No capítulo constante em SLS, Wirtz faz a importante advertência de que entidades espirituais podem infundir-se em objetos, corpos, lugares, eventos, falas e sonhos sem que suas presenças, necessariamente, corporifiquem-se ou tomem uma forma material. Com efeito, não é nada supérfluo perguntar se objetos, artefatos e ícones podem ser, simultaneamente, materiais e imateriais (cf. Espírito Santo e Tassi 2013: 13). Em contextos nos quais a iconografia de entidades espirituais é restrita, como ocorre no caso de encantados no Tambor de Mina do Maranhão, descrito por Cunha em SLS, a materialização de entidades se dá em canções, linguagens verbalizadas e sonhos. Ao mesmo tempo, o universo onírico, no qual existem redes sociais preexistentes, parece ser mais do que um espaço de experiência no qual encantados se materializam: poder-se-ia dizer, na esteira de Tim Ingold (2011), que tais seres habitam esse e outros espaços, precipitando efeitos no transitar de pajés entre o “mundo de cᔠe o “mundo de lá”.

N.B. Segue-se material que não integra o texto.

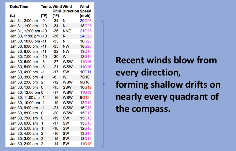 For the past few days winds have blown from every quadrant of the compass and there's no shortage of light snow available for transport. And while I think most of our fresh wind drifts have settled significantly, I bet there's a lingering drift or two that remains sensitive to our additional weight. Found on upper elevation leeward slopes and cross-loaded in chutes and gullies, both old and newly formed drifts may catch you by surprise, breaking deeper and wider than you might expect. This avalanche dragon is easy to navigate by avoidance... simply lose a little elevation, you lose the wind, and you lose the problem.
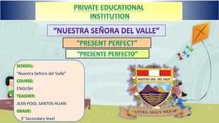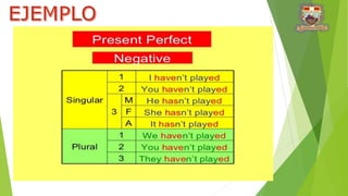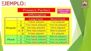 Este documento explica la estructura del tiempo presente perfecto en inglés. Describe que este tiempo verbal se usa para acciones que comenzaron en el pasado pero continúan en el presente o cuyos efectos aún perduran. Luego detalla la forma de construir oraciones afirmativas, negativas e interrogativas en presente perfecto usando los auxiliares "have" y "has" junto con el participio del verbo principal.
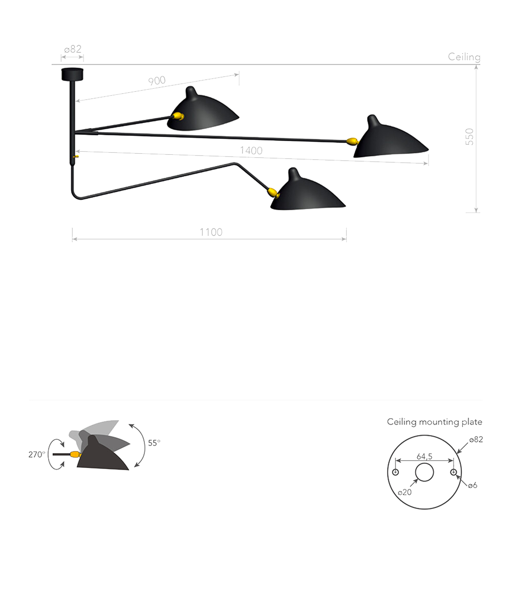 CEILING LAMP 2 FIXED ARMS 1 ROTATING CURVED ARM (씨링 램프 2 픽스드 암스 1 로테이팅 커브드 암)
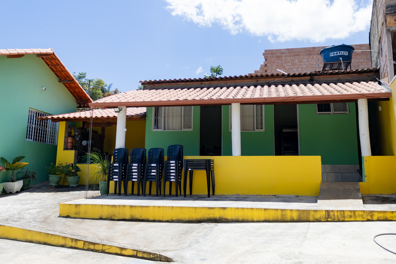 - A hospedagem é distribuída em duas casas (alugadas em conjunto)
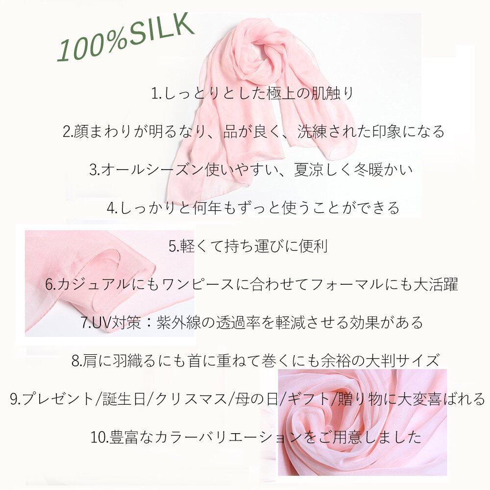 【2022最新】[PanPan Amore] 全23色 100% 絹 シルク ストール 大判 スカーフ 無地 シンプル 薄手 羽織り マフラー 冷房対策 uvカット 防寒 110*180cm
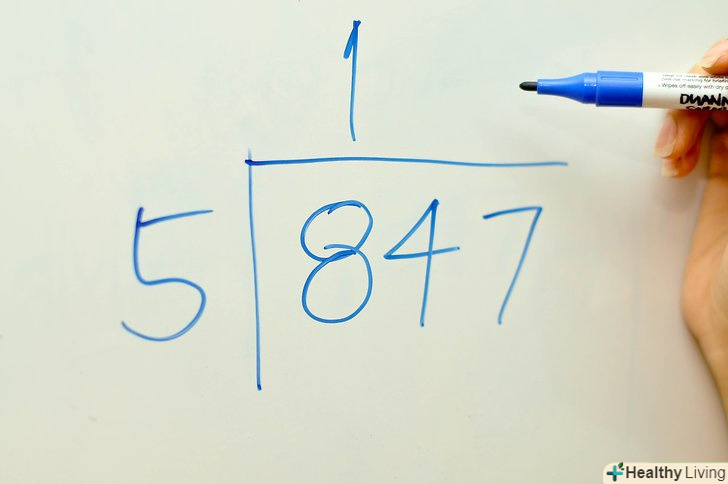Розділіть першу цифру діленого на дільник.у цьому випадку 8 розділити на 5 дорівнює 1 із залишком 3. Напишіть цифру 1 під рисою.
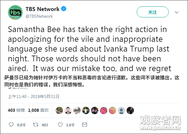 TBS则在官方推特上发文称,支持萨曼莎·比的道歉,并表示“这些话不应被播出,同时也是我们的错误,我们深感悔恨”。
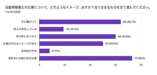 自動車整備士に関するイメージを114名の方を対象にアンケート

Questões relativas à materialidade conduzem à reorientação do conceito de agência, que deve ser tratado para além daquilo que é empiricamente verificável. Na estimulante introdução a SLS, Diana Espírito Santo e Ruy Blanes caracterizam os capítulos da obra como “diferentes conceitualizações de uma agência dos intangíveis, tentando deslindar a contingência de várias entidades em seus efeitos” (SLS: 1). Daí, segue-se uma reflexão filosófica e epistemológica: reconhecer a relevância antropológica dos mecanismos e efeitos dos domínios assim chamados de invisíveis ou intangíveis, sejam eles constituídos por espíritos, leis, valores monetários ou estruturas quânticas (SLS: 1).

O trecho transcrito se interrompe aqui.